Log4j, for example, is a popular project with a moderate level of support, but if you need to force people to focus on security, it may not work, says Apache’s Gregory.
“We have a non-trivial number of people — eight — working on Log4j,” he said. “We are all volunteers, and we all work on what we want to work on — there is no overlord. But we take pride in our work.”
While automation and static analysis tools can help find bugs, they still tend to generate false positives and require a lot of work to tune.

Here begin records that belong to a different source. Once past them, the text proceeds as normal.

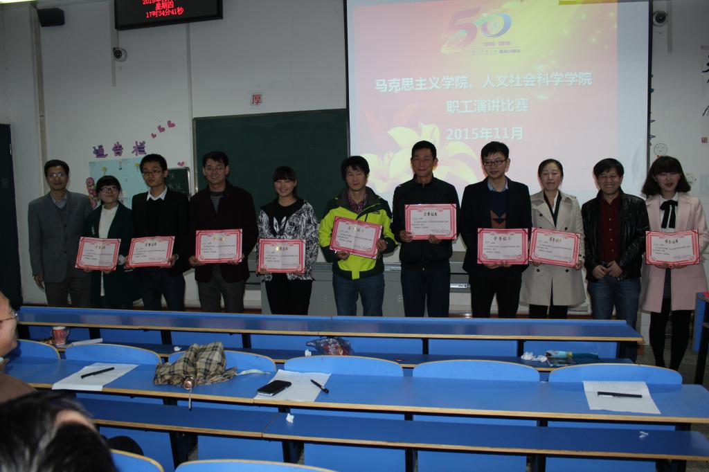 从普鲁斯特的《追亿似水年华》到曹雪芹的《红楼梦》,从“个人梦”到“中国梦”,从哈得波特到许三多,参赛选手以其独特的视角,真实的情感,鲜明的主题,流畅的表达,端庄的形象和富有韵味的现场感染力、吸引力,赢得了评委和在场老师的一直认可和阵阵掌声。最终翟成蹊老师以93.6的高分荣获了本次演讲比赛一等奖;张颖、解斌老师获得二等奖;符俊、吴亚婷和喻林获得三等奖。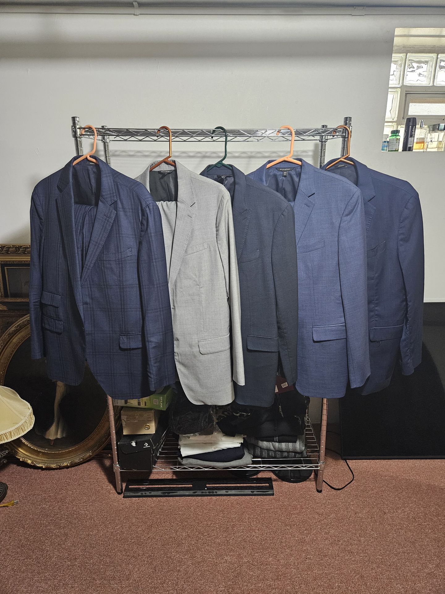 5 used good condition expensive quality super wool suits. Size 42 regular jacket and size 36 pants. 2 are massimo dutti brand and 2 are banana Republic made with Italian wool. These were selling for $800 and $1000 each.. take all 5 for $200 that's only $40 each when taking all. Great price. Cash..must pickup sheepshead bay brooklyn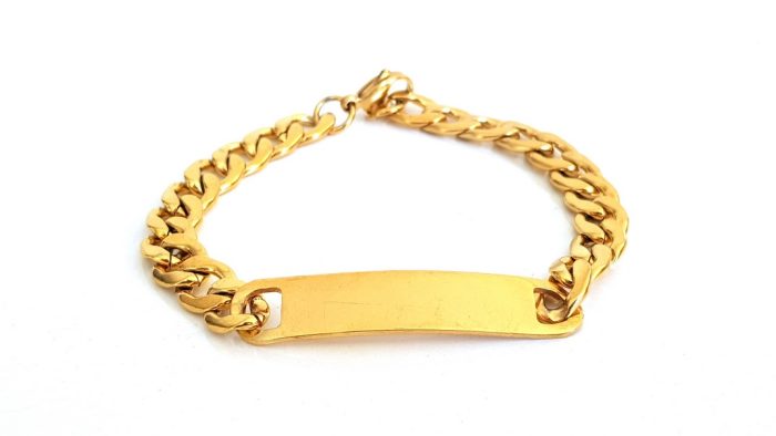 Home » Κατάστημα » Ατσάλινο βραχιόλι αλυσίδα, ID Thick, χρυσό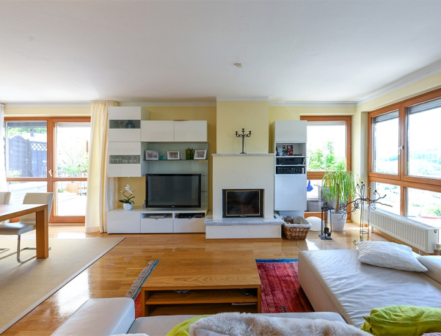 - Magnificent 5-room end-terrace house (freehold) with approx. 126.90 m² of usable floor space across 3 levels, featuring an approx. 37 m² panoramic terrace with electric sunshade and a small garden ideal for herbs or colourful flowers.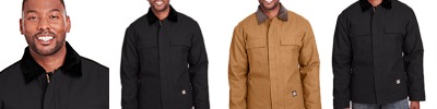10 oz., heavy-duty cotton duck; Heavyweight quilt-lined taffeta liner; Water-repellent finish; Triple-needle stitched main seam; Heavy-duty brass zipper; Three-piece insulated hood with drawstring; Pleated action back; Pleated elbows; Two front patch pockets; Three inside pockets; Manufactured in a LEED (Leadership in Energy and Environmental Design) certified factory;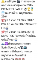 ขอเชิญร่วมชมการแ่ข่งขันฟุตบอล ESAN PREMIER LEAGUE วันเสาร์ที่ 13 พฤศจิกายน 2564 เริ่มเวลา 13.00 น.ณ สนามกีฬา เทศบาลหนองหญ้าลาด อ.กันทรลักษ์ จังหวัดศรีสะเกษ |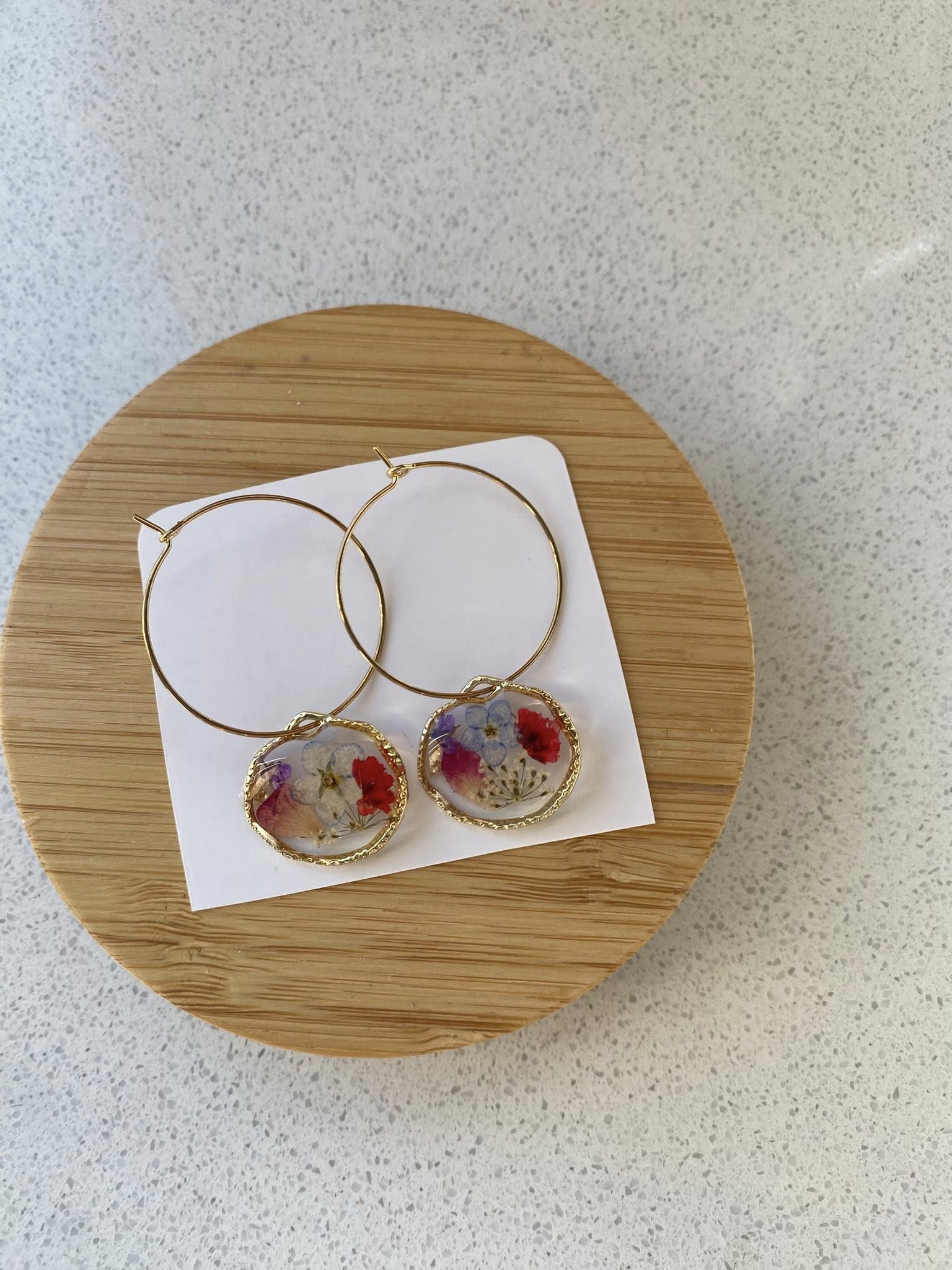 Lleva la belleza de la naturaleza siempre contigo con estos delicados y románticos aros. Cada aro de argolla dorada está adornado con un dije ovalado que encapsula una selección de flores y pétalos naturales, creando una pieza única y llena de vida.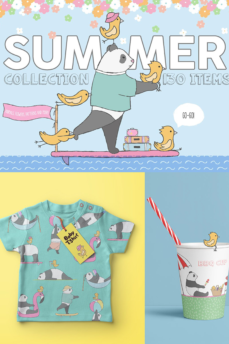 Download Иллюстрация "Summer Collection - Illustration" / Summer Collection - Illustration - Иллюстрация на тему графика summer panda birds bird sticker kids baby album frames flower floral patterns elements logo logos book cover magazine print poster

Moreover, Gregory said he doubts that a static checker would have caught the Log4j issue — or the way to exploit the vulnerability, frequently called Log4Shell.
“I’m pretty sure none of these would reveal the underlying cause of Log4Shell — at least not yet,” he said. “It is a very unfortunate combination of features that were put in separately a long time ago, along with some unexpected behavior that we didn’t realize happened.”
OpenSSF has taken a wider view, making sure that projects have the information and resources that they need to understand which dependencies are critical and the processes needed to secure software. In addition to the open-source software census, the group has created a best-practices badge for project to display if they are taking certain baseline security steps.
“We need more projects to fill that out,” said OpenSSF’s Behlendorf. “It is a great checklist for maintainers of a projects to go through.”
The problem is that architectural changes to software projects tend to happen slowly, and the threat actors move fast, he says.
“Sometimes it feels like new threats or new kinds of attacks emerge more quickly than we are making progress on, so it is still a very dynamic environment, and I don’t know if there is a simple rubric,” he said, adding: “A lot of good news happening in this space, but the adversaries, the threats are only growing over time.”